▶ _The problem_:
Which lines of the entries below run from the one holding "王湘浩奖学金管理委员会致辞。" to the one holding "Wykonana ze srebra", inclusive? Set down exactly those lines and no others.

Material for this task: Begin

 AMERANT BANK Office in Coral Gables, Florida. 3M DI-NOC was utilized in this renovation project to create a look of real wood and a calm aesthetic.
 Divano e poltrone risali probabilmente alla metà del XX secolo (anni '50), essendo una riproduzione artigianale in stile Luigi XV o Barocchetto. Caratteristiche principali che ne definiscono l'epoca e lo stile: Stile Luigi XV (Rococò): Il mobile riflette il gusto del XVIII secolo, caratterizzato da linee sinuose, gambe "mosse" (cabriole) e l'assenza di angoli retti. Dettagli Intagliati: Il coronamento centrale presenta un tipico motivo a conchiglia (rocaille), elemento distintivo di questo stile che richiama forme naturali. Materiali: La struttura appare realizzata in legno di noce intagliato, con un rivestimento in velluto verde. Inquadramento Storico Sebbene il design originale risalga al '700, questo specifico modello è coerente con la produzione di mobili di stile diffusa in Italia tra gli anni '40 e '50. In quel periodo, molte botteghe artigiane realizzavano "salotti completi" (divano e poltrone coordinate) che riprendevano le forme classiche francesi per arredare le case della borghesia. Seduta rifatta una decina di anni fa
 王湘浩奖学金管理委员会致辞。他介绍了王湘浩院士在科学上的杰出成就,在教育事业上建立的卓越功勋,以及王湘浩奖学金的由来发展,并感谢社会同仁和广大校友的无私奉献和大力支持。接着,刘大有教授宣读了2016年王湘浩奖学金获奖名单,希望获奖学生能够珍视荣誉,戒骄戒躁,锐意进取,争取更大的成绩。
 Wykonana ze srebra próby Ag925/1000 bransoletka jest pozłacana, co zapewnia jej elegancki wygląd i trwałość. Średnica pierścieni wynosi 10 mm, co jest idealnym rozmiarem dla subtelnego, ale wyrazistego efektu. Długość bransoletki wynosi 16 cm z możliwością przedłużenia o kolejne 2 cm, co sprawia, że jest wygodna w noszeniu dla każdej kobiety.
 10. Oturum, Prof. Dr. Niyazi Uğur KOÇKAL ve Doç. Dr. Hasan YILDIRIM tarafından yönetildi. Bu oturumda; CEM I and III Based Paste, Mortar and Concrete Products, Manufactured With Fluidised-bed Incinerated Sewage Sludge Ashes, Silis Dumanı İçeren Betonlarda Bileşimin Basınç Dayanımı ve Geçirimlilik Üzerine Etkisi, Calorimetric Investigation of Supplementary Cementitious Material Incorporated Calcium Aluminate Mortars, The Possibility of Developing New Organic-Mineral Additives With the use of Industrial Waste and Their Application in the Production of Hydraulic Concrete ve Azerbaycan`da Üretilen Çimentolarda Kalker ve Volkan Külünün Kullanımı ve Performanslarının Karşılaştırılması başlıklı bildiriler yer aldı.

Material for this task: End
Material for this task: Begin

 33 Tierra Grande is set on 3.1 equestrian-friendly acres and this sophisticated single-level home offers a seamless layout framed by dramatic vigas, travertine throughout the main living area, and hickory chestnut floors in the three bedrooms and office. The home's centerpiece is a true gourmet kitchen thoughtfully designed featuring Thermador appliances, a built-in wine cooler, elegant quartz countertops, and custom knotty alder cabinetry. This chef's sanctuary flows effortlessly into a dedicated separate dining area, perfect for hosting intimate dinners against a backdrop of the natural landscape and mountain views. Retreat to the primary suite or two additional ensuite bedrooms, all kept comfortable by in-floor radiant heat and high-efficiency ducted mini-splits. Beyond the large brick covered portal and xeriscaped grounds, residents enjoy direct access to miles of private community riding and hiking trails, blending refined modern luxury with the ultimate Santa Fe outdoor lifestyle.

Material for this task: End

▶ _Written solution_:
 王湘浩奖学金管理委员会致辞。他介绍了王湘浩院士在科学上的杰出成就,在教育事业上建立的卓越功勋,以及王湘浩奖学金的由来发展,并感谢社会同仁和广大校友的无私奉献和大力支持。接着,刘大有教授宣读了2016年王湘浩奖学金获奖名单,希望获奖学生能够珍视荣誉,戒骄戒躁,锐意进取,争取更大的成绩。
 Wykonana ze srebra próby Ag925/1000 bransoletka jest pozłacana, co zapewnia jej elegancki wygląd i trwałość. Średnica pierścieni wynosi 10 mm, co jest idealnym rozmiarem dla subtelnego, ale wyrazistego efektu. Długość bransoletki wynosi 16 cm z możliwością przedłużenia o kolejne 2 cm, co sprawia, że jest wygodna w noszeniu dla każdej kobiety.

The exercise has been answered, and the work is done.